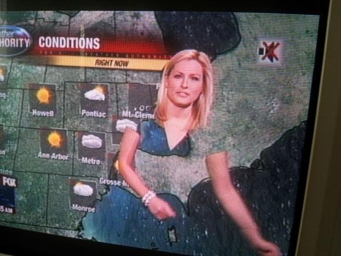 на самом деле ведущие прогноза погоды стоят на зеленом фоне, на который потом проэцируется картинка..ну, и соответственно, баба в зеленом получилась прозрачной
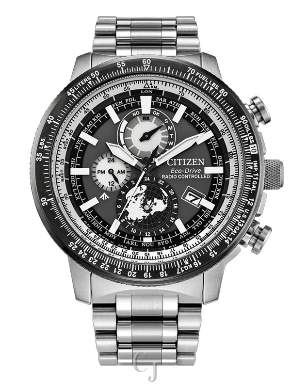 Touch the edge of the sky with the new Promaster Air Geo Trekker, featuring global Radio Control timekeeping for exceptional accuracy. A striking 46mm stainless steel case in silver-tone centers the design, with the professional-grade pilot’s watch mission-ready on the wrist – fully equipped with a bold set of chronograph pushers, 5-link stainless steel bracelet, and an outer slide rule bezel.
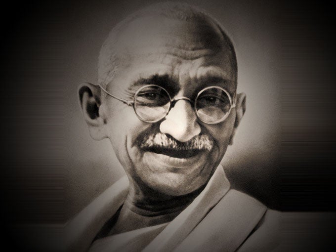 Tras estudiar derecho, Gandhi se trasladó a Sudáfrica en 1893, donde permaneció durante 21 años asistiendo a la comunidad india que sufría discriminación y racismo. En ese periodo desarrolló los principios de resistencia pacífica y desobediencia civil sin violencia. En 1915 regresó a la India, desde donde impulsó diversas acciones contra la opresión colonial, como la Campaña de No Cooperación y la Marcha de la Sal, siempre desde una postura pacífica.
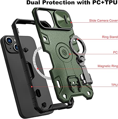 Nillkin - جراب حماية مغناطيسي ارمور برو مع وافي للكاميرا، لايفون، البولي يوريثين الحراري، أسود، لابل ايفون 14/13
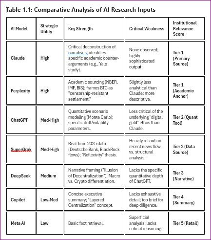 The initial phase of this research involved a comparative stress test of the seven AI models I used with the same prompt—ChatGPT, Claude, Copilot, DeepSeek, Meta AI, Perplexity, and SuperGrok—tasked with dissecting Bitcoin’s value proposition, market structure, and risk profile. The results of this comparative analysis are foundational to understanding the quality of data underpinning the subsequent chapters.
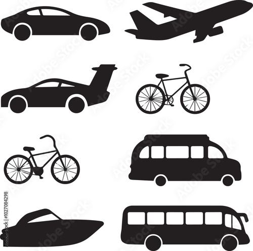 Transportation Silhouettes Collection - Cars, Bicycles, Airplane, Bus, and Boat
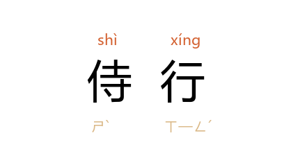 引宋 苏轼 《与程正辅提刑书》之二:“老兄到此……令子几人侍行?”宋 洪迈 《鬼国记》:“他日言於母,乞侍行。”《续资治通鉴·宋高宗绍兴二十五年》:“李光 之得罪也……长子 孟清 、中子 孟醇 皆侍行,死贬所。”
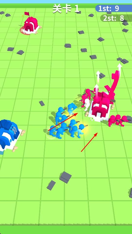 指挥蓝色方块阵营的士兵,对敌方红色方块人及其建筑发动攻击,与敌人展开战斗并消灭敌方单位。
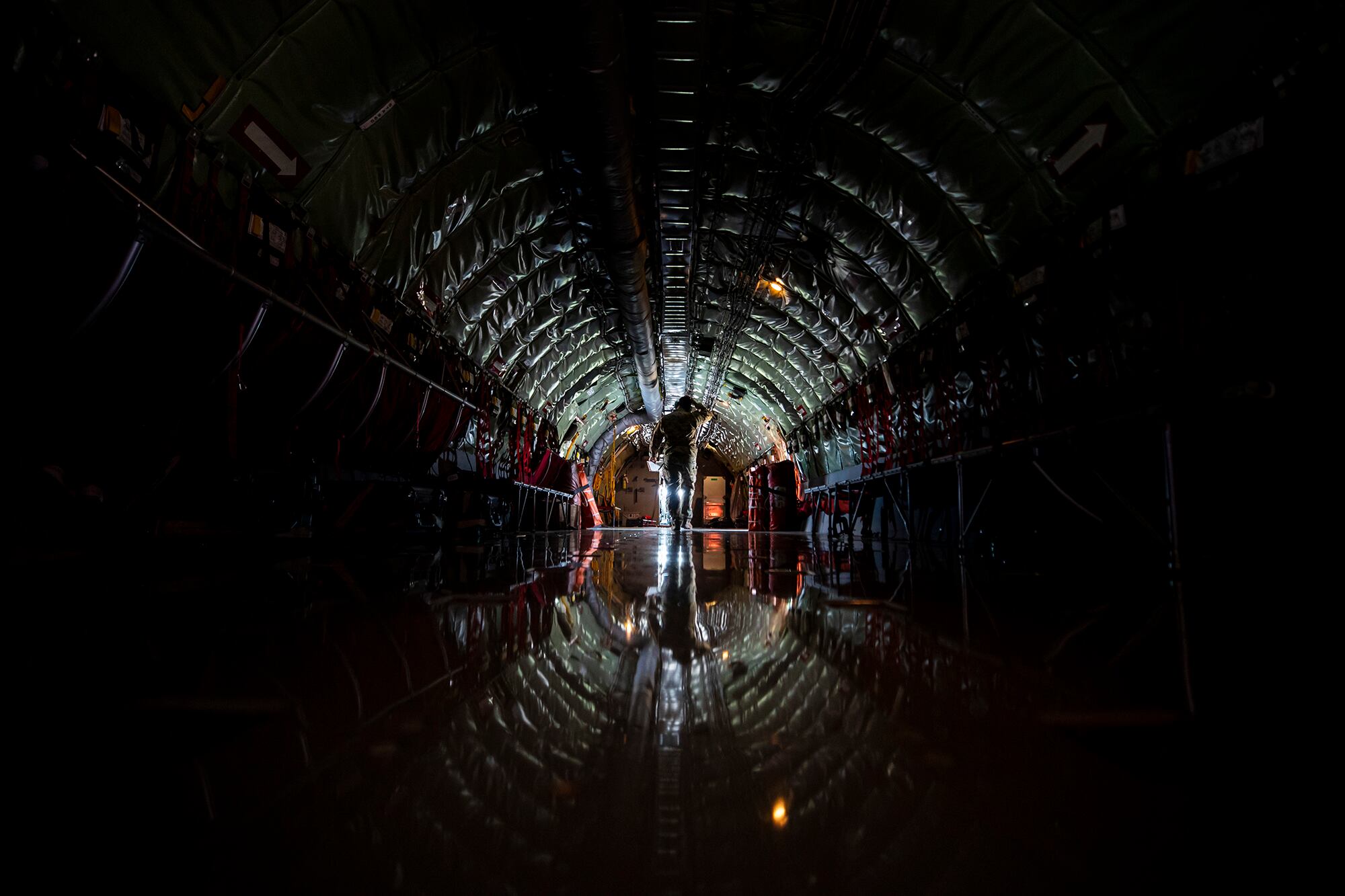 Tech. Sgt. Vince Stokes, 141st Air Refueling Squadron book operator, walks through a KC-135R Stratotanker at Fairchild Air Force Base, Wash., May 6, 2021. (Master Sgt. Matt Hecht/Air National Guard)
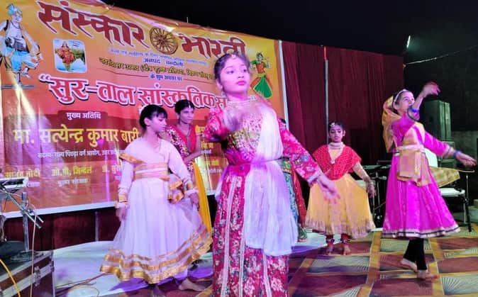पीडीडीयू नगर में संस्कार भारती के कार्यक्रम में सांस्कृतिक कार्यक्रम प्रस्तुत करतीं छात्राएं। स
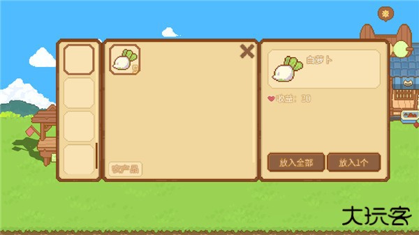 13、之后通过和新手指引交流,需要把萝卜出售出去,并获得一个摆摊车,点击选择合适的位置放置,点击放置好的摆摊车,点击全部放入,之后就会有隔壁村民前来光顾;;
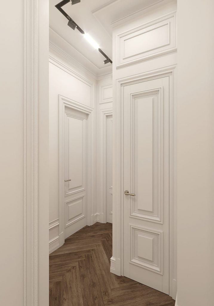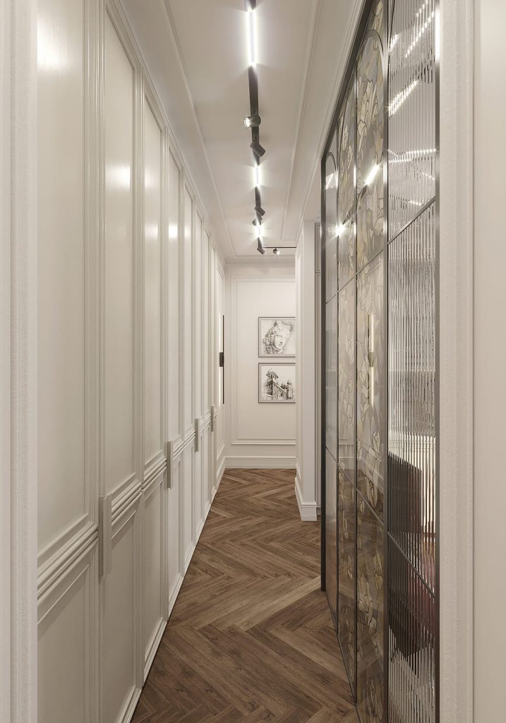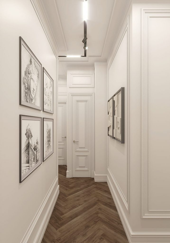 Стены украшены молдингами и графикой в классических рамках — мы добавили рисунки и архитектурные зарисовки, которые перекликаются с историческим контекстом дома и создают ощущение галерейного коридора. Потолки украшены изящной лепниной, а пол выполнен в виде ёлочки из тёплого дерева — придаёт коридору уют и продолжает общий стиль квартиры.
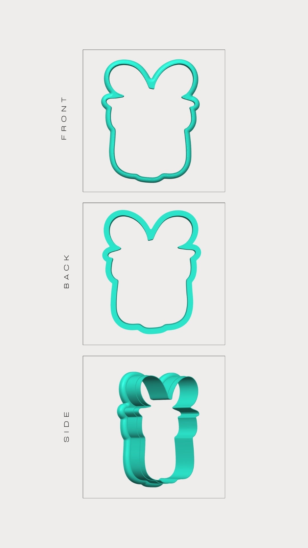 La forma del tagliabiscotti corrisponde esclusivamente alla sagoma esterna dell'immagine mostrata. Le linee interne presenti nel disegno servono solo come guida visiva per la decorazione e non sono presenti nel taglio vero e proprio del biscotto.
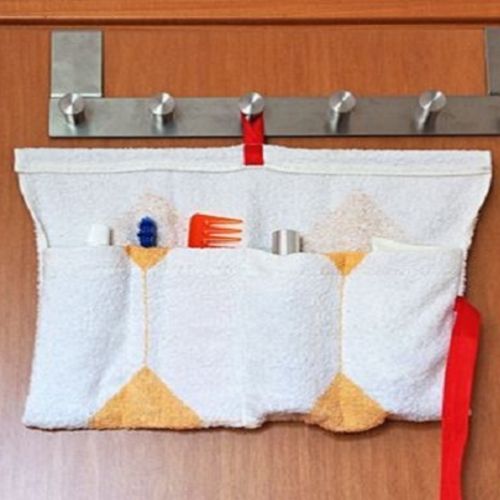 Para aquellos que no tienen mucho espacio dentro del baño, con armarios para almacenar objetos pequeños, el consejo es coser bolsillos en una toalla de baño o en la cara para servir como organizador. Incluso ayuda a mantener los cepillos secos.

▬▬▬

DESCRIPTION OF THE TASK -> Word for word, reproduce all of the entries above and omit the pictures.

RESULT ->
 на самом деле ведущие прогноза погоды стоят на зеленом фоне, на который потом проэцируется картинка..ну, и соответственно, баба в зеленом получилась прозрачной
 Touch the edge of the sky with the new Promaster Air Geo Trekker, featuring global Radio Control timekeeping for exceptional accuracy. A striking 46mm stainless steel case in silver-tone centers the design, with the professional-grade pilot’s watch mission-ready on the wrist – fully equipped with a bold set of chronograph pushers, 5-link stainless steel bracelet, and an outer slide rule bezel.
 Tras estudiar derecho, Gandhi se trasladó a Sudáfrica en 1893, donde permaneció durante 21 años asistiendo a la comunidad india que sufría discriminación y racismo. En ese periodo desarrolló los principios de resistencia pacífica y desobediencia civil sin violencia. En 1915 regresó a la India, desde donde impulsó diversas acciones contra la opresión colonial, como la Campaña de No Cooperación y la Marcha de la Sal, siempre desde una postura pacífica.
 Nillkin - جراب حماية مغناطيسي ارمور برو مع وافي للكاميرا، لايفون، البولي يوريثين الحراري، أسود، لابل ايفون 14/13
 The initial phase of this research involved a comparative stress test of the seven AI models I used with the same prompt—ChatGPT, Claude, Copilot, DeepSeek, Meta AI, Perplexity, and SuperGrok—tasked with dissecting Bitcoin’s value proposition, market structure, and risk profile. The results of this comparative analysis are foundational to understanding the quality of data underpinning the subsequent chapters.
 Transportation Silhouettes Collection - Cars, Bicycles, Airplane, Bus, and Boat
 引宋 苏轼 《与程正辅提刑书》之二:“老兄到此……令子几人侍行?”宋 洪迈 《鬼国记》:“他日言於母,乞侍行。”《续资治通鉴·宋高宗绍兴二十五年》:“李光 之得罪也……长子 孟清 、中子 孟醇 皆侍行,死贬所。”
 指挥蓝色方块阵营的士兵,对敌方红色方块人及其建筑发动攻击,与敌人展开战斗并消灭敌方单位。
 Tech. Sgt. Vince Stokes, 141st Air Refueling Squadron book operator, walks through a KC-135R Stratotanker at Fairchild Air Force Base, Wash., May 6, 2021. (Master Sgt. Matt Hecht/Air National Guard)
पीडीडीयू नगर में संस्कार भारती के कार्यक्रम में सांस्कृतिक कार्यक्रम प्रस्तुत करतीं छात्राएं। स
 13、之后通过和新手指引交流,需要把萝卜出售出去,并获得一个摆摊车,点击选择合适的位置放置,点击放置好的摆摊车,点击全部放入,之后就会有隔壁村民前来光顾;;
 Стены украшены молдингами и графикой в классических рамках — мы добавили рисунки и архитектурные зарисовки, которые перекликаются с историческим контекстом дома и создают ощущение галерейного коридора. Потолки украшены изящной лепниной, а пол выполнен в виде ёлочки из тёплого дерева — придаёт коридору уют и продолжает общий стиль квартиры.
 La forma del tagliabiscotti corrisponde esclusivamente alla sagoma esterna dell'immagine mostrata. Le linee interne presenti nel disegno servono solo come guida visiva per la decorazione e non sono presenti nel taglio vero e proprio del biscotto.
 Para aquellos que no tienen mucho espacio dentro del baño, con armarios para almacenar objetos pequeños, el consejo es coser bolsillos en una toalla de baño o en la cara para servir como organizador. Incluso ayuda a mantener los cepillos secos.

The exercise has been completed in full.